Trânsito em julgado e prisões em andamento: se a tentativa de golpe tivesse vencido, quem estaria sendo preso hoje?

O Brasil vive nesta data um marco histórico na proteção da democracia: o trânsito em julgado das condenações dos líderes do núcleo duro da tentativa de golpe e o início do cumprimento das prisões de figuras como Augusto Heleno, Braga Netto, Paulo Sérgio, Capitão Bolsonaro, Alexandre Ramagem, Anderson Torres e o almirante Almir Garnier, ex-comandante da Marinha.

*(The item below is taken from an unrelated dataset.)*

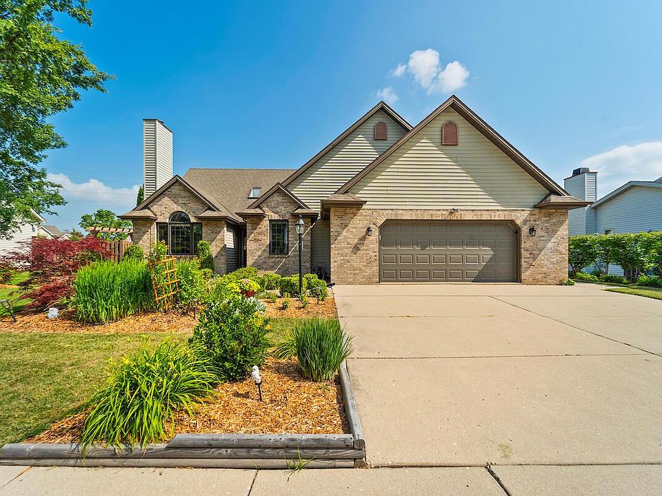 Welcome to this beautiful custom ranch across from Gangler Park-the park has tennis courts, playground, and a picnic shelter! Kitchen features granite counters and stainless appliances. Living room w/ an inviting brick fireplace extending to the vaulted ceiling. The fully finished basement is an entertainer's dream-tiled floors, wet bar with custom wood countertop, and plenty of space to relax or host. Enjoy a large deck and fenced yard with access off the sunny breakfast room. Front yard w/ gorgeous landscaping & in-ground sprinkler system. Major recent updates include: windows & A/C (2020), furnace (2021), water heater & sump pump (2024), dishwasher (2022), fence & garage door (2021). Welcome Home!
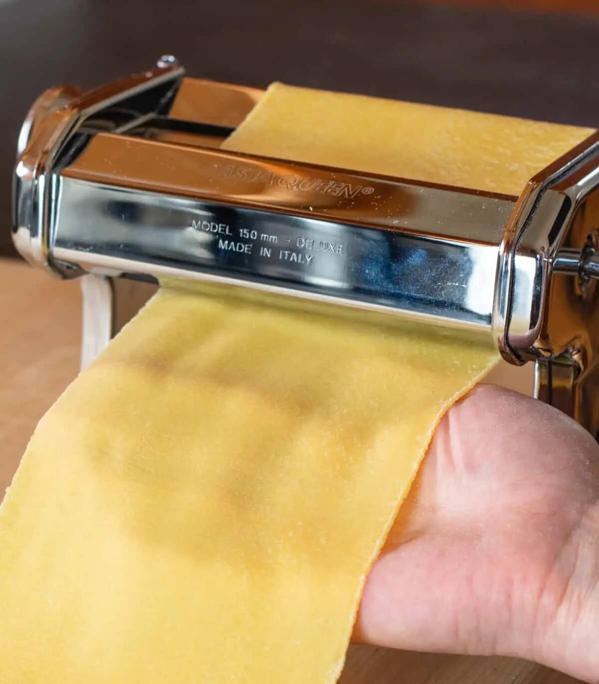 Set past roller to thickest, make the dough more pliable by rolling it several times. Flour the pasta so it doesn’t stick.

As cenas de hoje — com generais, um almirante da ativa à época dos fatos, ex-ministros e articuladores políticos sendo levados para cumprir pena — representam o fim de um longo processo judicial e o início da responsabilização definitiva de quem tentou derrubar as instituições e rasgar a Constituição.

Mas, diante deste momento histórico, uma pergunta inevitável surge:

E se a tentativa de golpe tivesse dado certo? Quem estaria sendo preso agora?

A resposta é direta: não seriam os golpistas que estariam atrás das grades.

Se a ruptura institucional tivesse triunfado, seriam os defensores da democracia que estariam vivendo hoje o pesadelo da perseguição, da censura e da prisão arbitrária.

O que aconteceria em um Brasil onde o golpe tivesse sido bem-sucedido?

A história comparada de golpes militares e regimes autoritários mostra um padrão claro. Os primeiros alvos da repressão seriam:

1. O presidente Lula, a vice e ministros do governo eleito

Destituídos, presos ou enviados ao exílio.

2. Ministros do STF — especialmente os mais atacados pelos golpistas

Moraes, Gilmar, Barroso e outros seriam removidos, presos ou silenciados.

3. Parlamentares democratas

Deputados e senadores contrários ao novo regime sofreriam perseguição, cassação e prisão.

4. Jornalistas e veículos de imprensa

Censura, prisões e fechamento de redações seriam medidas iniciais para controlar a narrativa.

5. Lideranças sociais e movimentos organizados

CUT, MST, MTST, UNE e entidades populares seriam enquadradas como “subversivas”.

Suas lideranças, presas.

6. Policiais, militares e servidores resistentes

Qualquer autoridade que se recusasse a aderir ao regime seria perseguida ou encarcerada.

Em resumo: os democratas estariam atrás das grades — e os condenados de hoje estariam no comando do país.

O trânsito em julgado e as prisões em curso não são meros atos formais. São um recado firme e claro:

O Brasil não tolera rupturas institucionais.

Quem ataca a democracia responderá dentro dela.

A Justiça está corrigindo, com rigor, o que o país deixou escapar em outras fases da história: a responsabilização efetiva de quem tentou destruir o Estado Democrático de Direito.

As prisões de hoje marcam o fim de um ciclo de impunidade e reforçam uma verdade essencial: golpes não podem — e não vão — passar impunes.

E lembram ao Brasil que, se a tentativa de golpe tivesse vencido, o cenário desta data seria o oposto:

jornalistas, ministros, opositores, servidores, militantes e democratas estariam encarcerados, enquanto os golpistas governariam o país.